The British High Court ordered terminally ill infant, Charlie Gard, to be moved to a hospice facility to die, ending a case that has spurred debate over the role of the state in children’s rights and health care.
The decision was made Thursday after Charlie’s parents and Great Ormond Street Hospital in London, where he is being treated, failed to agree on an end-of-life care plan for the 11-month-old. If no further agreement is reached, Charlie will be moved to Hospice on Friday in accordance with the hospital’s plan. The life-support systems would be removed shortly after, “inevitably result[ing] in Charlie’s death within a short period of time,” according to the judge.
“It is not in Charlie’s best interests for artificial ventilation to continue to be provided to him, and it is therefore lawful and in his best interests for it to be withdrawn,” the court order said.
Charlie was born with a rare genetic disease called encephalomyopathic mitochondrial DNA depletion syndrome – one of only 16 confirmed cases worldwide. He cannot see or hear, he cannot move or breathe, he cannot cry or swallow, he suffers from frequent epileptic seizures. He would turn one year old on August 4.
Earlier this year, the hospital treating Charlie asked for court permission to remove him from life support, saying that keeping him alive was merely causing more suffering. The parents, Chris Gard and Connie Yates, disagreed and asked for permission to take Charlie to the United States for experimental treatment. The British courts and the European Court of Human Rights all backed the hospital.
The Court of Human Rights argued that “undergoing experimental treatment with no prospects of success would offer no benefit, and continue to cause [Charlie] significant harm.”
The case drew pitched coverage from British tabloids and captured worldwide attention after world leaders like President Donald Trump and Pope Francis weighed in, offering medical support.
Earlier this week, Gard and Yates abandoned their months-long legal fight, acknowledging the illness was untreatable.
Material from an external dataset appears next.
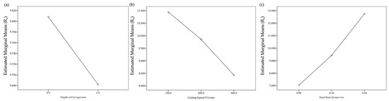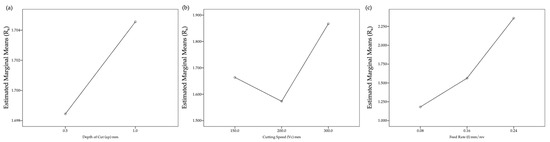 EMM plots of Ra, (a) Depth of cut (ap), (b) Cutting speed (vc), (c) Feed rate (f).
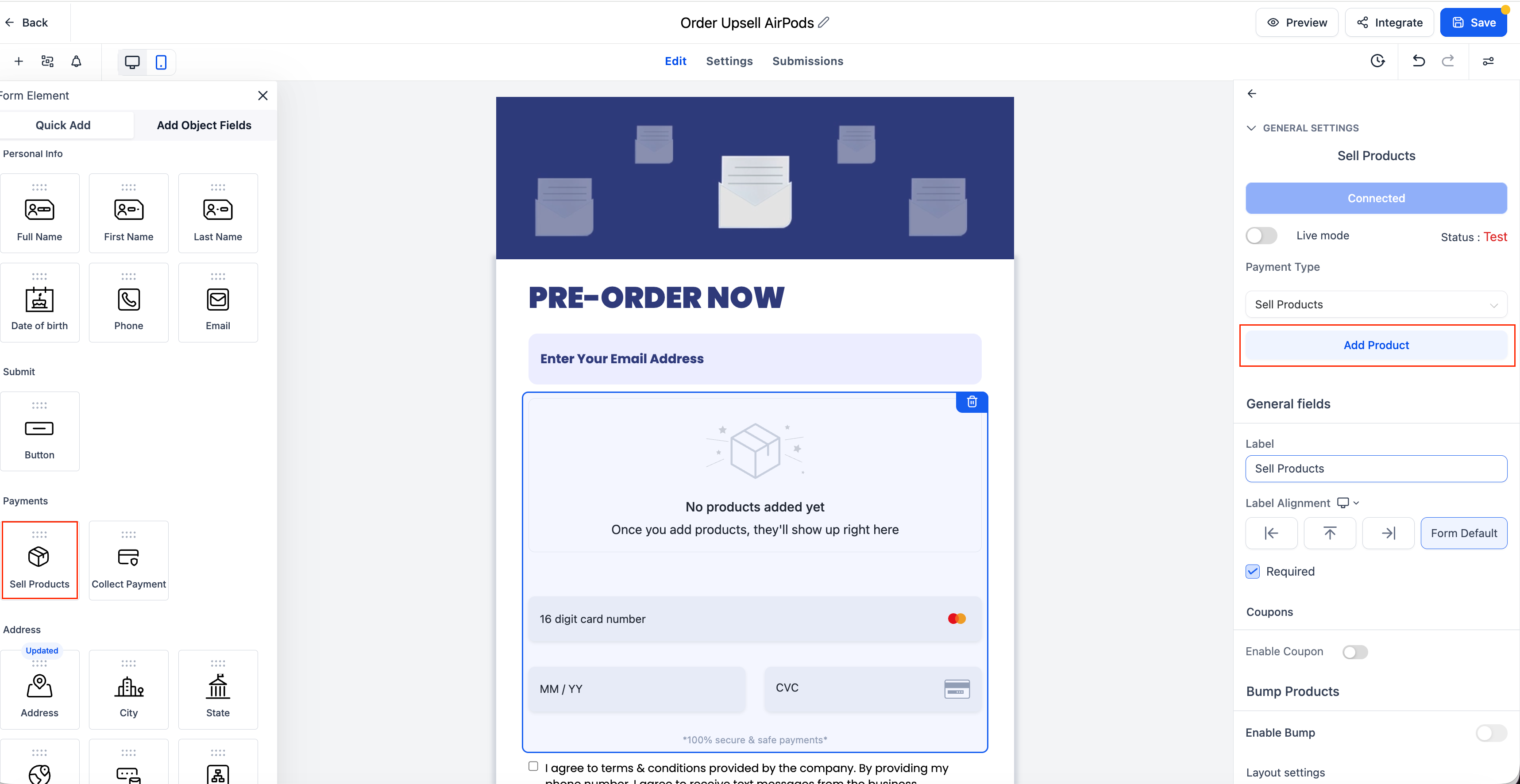 Forms and Surveys now support built in order upsells. Add post submit or in flow offers tied to the original purchase, prefill customer details, and capture payment in a single session. Configure rules, pricing, and limits; track take rates and revenue; and keep receipts and fulfillment aligned with the primary order.

They then asked to take their son home to die, a request the hospital denied. According to the hospital, the “invasive ventilation” that Charlie required was only available in the hospital. The machines would not fit into the family’s home in London.
Under British law, children hold rights independent of their parents, meaning the parents do not always have the absolute right to make medical decisions for their children. Great Ormond Street Hospital released a statement expressing regret over the public disagreement.
“We deeply regret that profound and heartfelt differences between Charlie’s doctors and his parents have had to be played out in court over such a protracted period,” the statement read. “While we always respect parents’ views, we will never do anything that could cause our patients unnecessary and prolonged suffering. The priority of our medical staff has always been Charlie.”